ROME, MAY 28, 2010 (Zenit.org).- This Sunday the Basilica of St. Mary Major will be the site of the first beatification ever held within its walls -- that of a woman religious from Milan, Pierina de Micheli.

Archbishop Angelo Amato, prefect of the Congregation for Saints' Causes, will celebrate the ceremony, in representation of Benedict XVI.

"It is the first time that a beatification takes place in this basilica," said an emotional Sister Nora Antonelli, superior general of the Daughters of the Immaculate Conception of Buenos Aires, the community to which Pierina belonged. "We are delighted that our request was accepted."
 
Mother Pierina (1890-1945), a mystic, dedicated her life to spreading devotion to the face of Christ and, at the same time, to the fight against Satan. This was discovered in her personal diary, found by the sisters in the cell of the convent after her death.
 
Father Fabrizio Poloni, episcopal delegate for Saints' Causes of the Diocese of Novara, said that when Pierina was an adolescent she had supernatural experiences. For example, when she was only a child, she thought she heard Jesus' voice saying to her, "Is no one going to give me a kiss of love on the face to repair Judas' kiss?"
 
The little girl promised to give him that kiss: Then came her suffering over her religious vocation, to the point that -- as biographers Mariella Scatena and Piersandro Vazan recall -- the young girl prayed also to the Virgin of Graces "because 'she did not want the vocation, what is more, she had made a novena to lose it.'"
 
However, Mother Pierina would eventually spread devotion to the image of Christ's face. She had it struck in a medal, popular especially in Latin America where her religions congregation is present.

The same year Pierina had the medal made, 1938, photographer Giovanni Bruner made an artistic photograph of the holy Shroud, which reflected the same image.

Adapting

The postulator for Mother Pierina's cause, Andrea Ambrosi, explained how the process leading to her beatification has been difficult. He took up the task of directing her cause in 1995, at the request of the director of the Holy Spirit Institute, which Pierina founded.

The cause had begun in 1962 and been "bogged down," he explained. So he and the director worked together to bring it to completion in March 2009. A few days later, the Pope authorized the recognition of a miracle attributed to Pierina's intercession: A man who had suffered an aneurism and was dying recovered fully after a couple of hours of prayer for Pierina's intercession.

The stalled process was due in large part, Ambrosi explained, to all the changes to protocol for saints' causes.

"Of course the cause had to be adapted to the changes," he said. "It was started according to the Code of Canon Law of 1917, then, it followed a much more complex normative. It stopped in 1969 when the reform of the 'Sanctitas Clarior' came into being.

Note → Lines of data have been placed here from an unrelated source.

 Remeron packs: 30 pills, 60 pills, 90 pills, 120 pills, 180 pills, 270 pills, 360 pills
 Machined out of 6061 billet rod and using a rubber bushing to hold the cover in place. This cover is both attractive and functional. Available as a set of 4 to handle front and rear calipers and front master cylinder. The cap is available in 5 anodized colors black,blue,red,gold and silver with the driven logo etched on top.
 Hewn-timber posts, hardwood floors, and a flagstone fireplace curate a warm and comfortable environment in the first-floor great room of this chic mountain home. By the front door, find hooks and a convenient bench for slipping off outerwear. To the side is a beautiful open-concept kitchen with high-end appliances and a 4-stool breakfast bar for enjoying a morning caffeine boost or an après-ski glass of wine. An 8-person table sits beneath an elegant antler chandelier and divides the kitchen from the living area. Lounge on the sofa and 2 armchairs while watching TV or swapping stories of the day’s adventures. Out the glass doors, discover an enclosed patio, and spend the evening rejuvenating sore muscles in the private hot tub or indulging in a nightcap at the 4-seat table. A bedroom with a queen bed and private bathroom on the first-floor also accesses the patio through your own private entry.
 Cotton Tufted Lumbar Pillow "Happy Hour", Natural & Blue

I had to leave the previous reforms to follow these new ones and then, in 1983, came the apostolic constitution 'Divinus Perfectionis Magister,' which once again revolutionized the whole process."

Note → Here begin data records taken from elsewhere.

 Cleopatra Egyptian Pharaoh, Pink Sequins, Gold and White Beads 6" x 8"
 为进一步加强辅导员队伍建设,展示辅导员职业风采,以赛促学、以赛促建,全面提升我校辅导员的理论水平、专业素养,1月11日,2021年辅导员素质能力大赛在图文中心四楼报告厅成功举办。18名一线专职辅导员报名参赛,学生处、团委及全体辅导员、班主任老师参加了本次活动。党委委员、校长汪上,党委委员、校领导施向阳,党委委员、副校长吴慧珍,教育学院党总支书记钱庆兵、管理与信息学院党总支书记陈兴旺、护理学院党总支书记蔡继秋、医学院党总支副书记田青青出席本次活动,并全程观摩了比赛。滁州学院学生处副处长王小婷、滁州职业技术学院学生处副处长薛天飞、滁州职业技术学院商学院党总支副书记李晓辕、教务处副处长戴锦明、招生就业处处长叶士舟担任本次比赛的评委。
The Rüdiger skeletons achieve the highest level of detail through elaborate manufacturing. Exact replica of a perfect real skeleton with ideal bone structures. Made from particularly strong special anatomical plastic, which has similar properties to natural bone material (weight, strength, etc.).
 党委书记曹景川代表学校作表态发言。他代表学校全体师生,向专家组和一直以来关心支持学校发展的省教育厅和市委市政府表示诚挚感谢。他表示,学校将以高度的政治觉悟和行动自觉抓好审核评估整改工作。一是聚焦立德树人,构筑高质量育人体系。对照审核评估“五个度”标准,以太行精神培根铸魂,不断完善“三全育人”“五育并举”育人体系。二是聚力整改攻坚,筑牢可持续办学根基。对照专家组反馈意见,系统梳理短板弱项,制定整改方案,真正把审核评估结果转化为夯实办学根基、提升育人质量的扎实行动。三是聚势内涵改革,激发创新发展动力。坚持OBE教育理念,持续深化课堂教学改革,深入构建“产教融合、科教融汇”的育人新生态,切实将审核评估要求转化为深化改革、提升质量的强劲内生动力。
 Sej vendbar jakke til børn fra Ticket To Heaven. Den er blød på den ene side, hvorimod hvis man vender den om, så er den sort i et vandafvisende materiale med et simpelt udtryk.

In any case, all the necessary approvals have been given and Pierina is set to make history with her beatification in Mary's basilica.

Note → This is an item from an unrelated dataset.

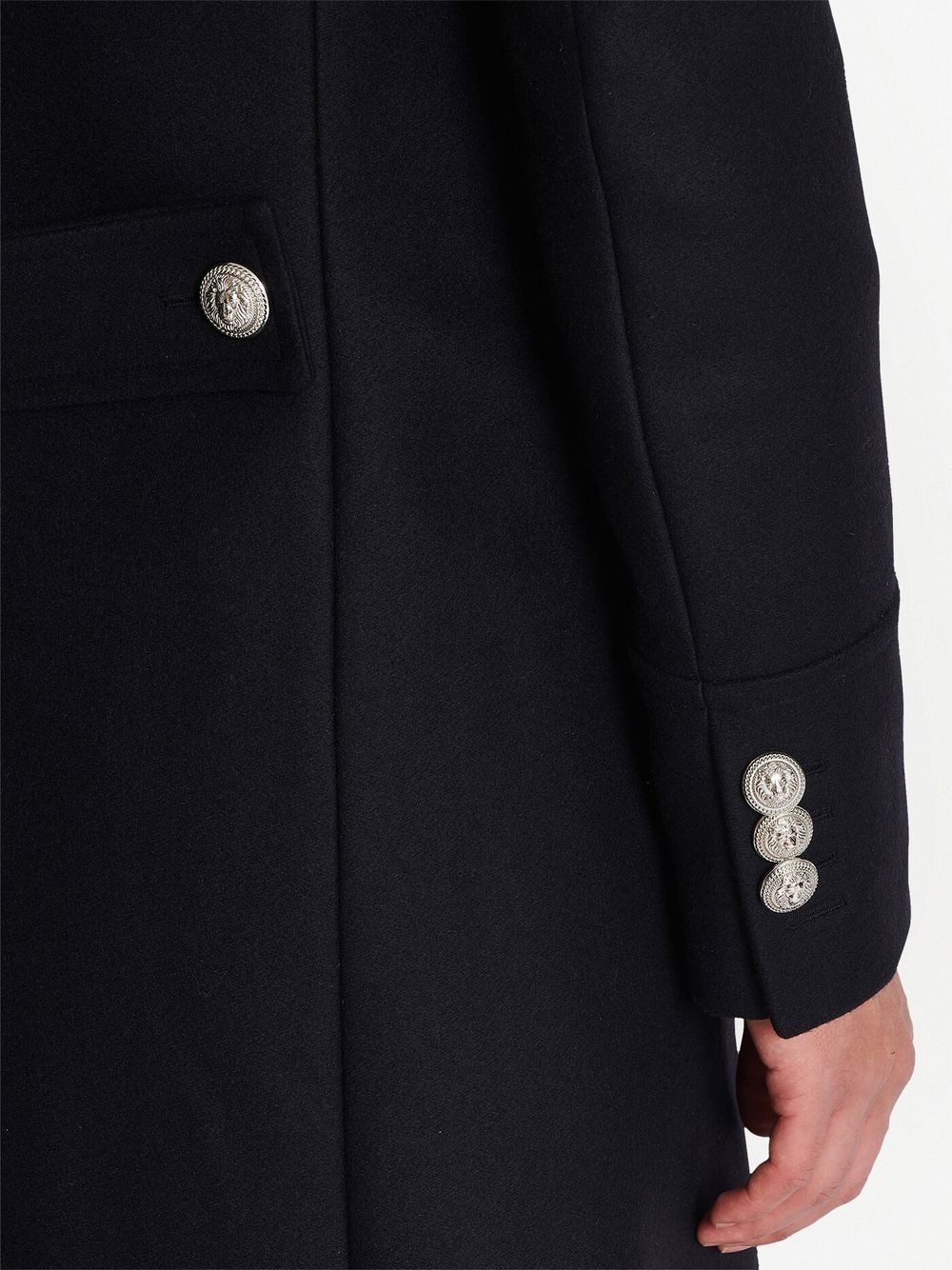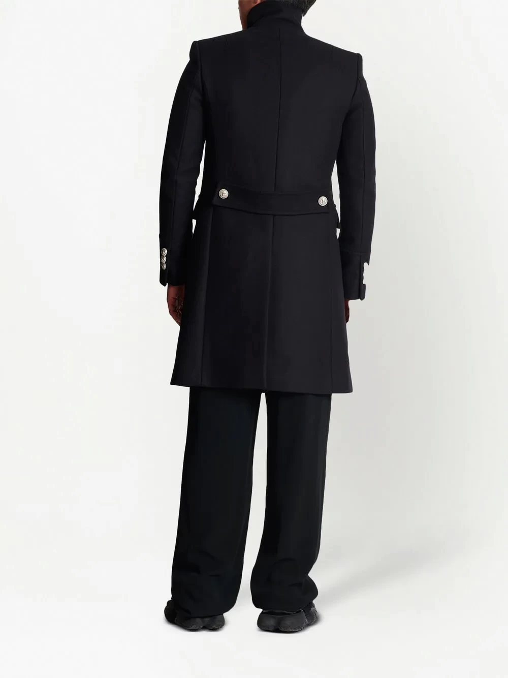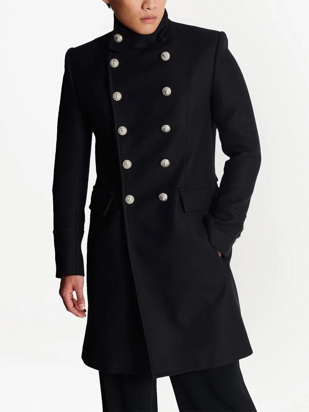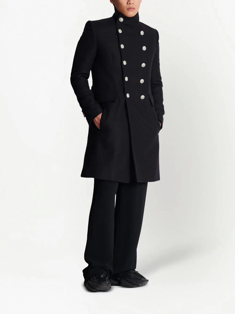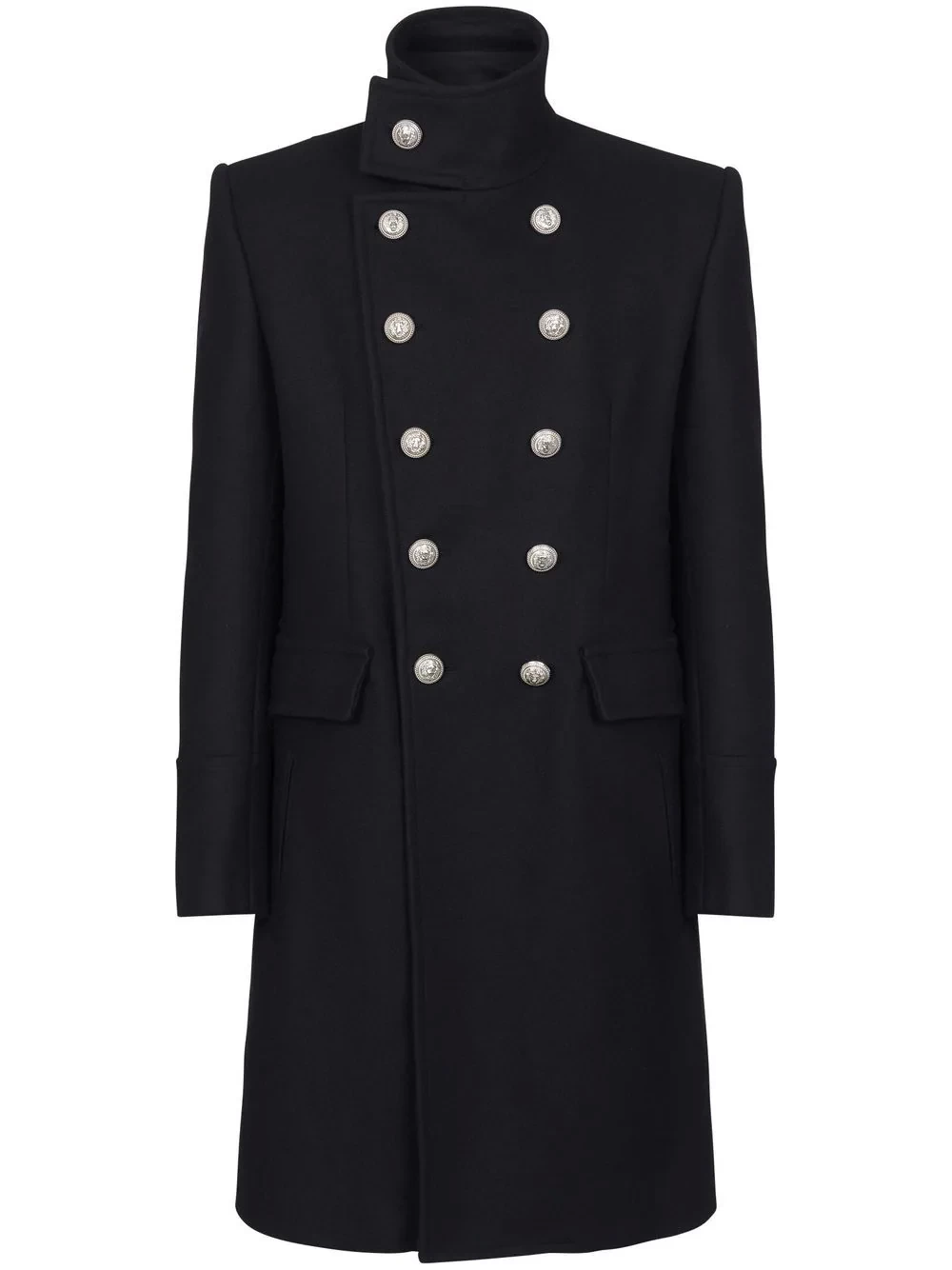 Inspired by military silhouettes, Balmain introduces this double-breasted coat. This 100% wool piece is detailed with branded silver-tone buttons and a high neck as a reference to army pieces.

And why not in her native Milan?

Ambrosi classified Pierina as "more Roman than many" Romans.

In addition to founding the Holy Spirit Institute there, dedicated to education, Mother Pierina was also in the Eternal City for the worst period of World War II, which were the last years of her life.

Ambrosi explained, "She was loved because she helped everyone who approached her -- from priests to families, from young people to the neediest."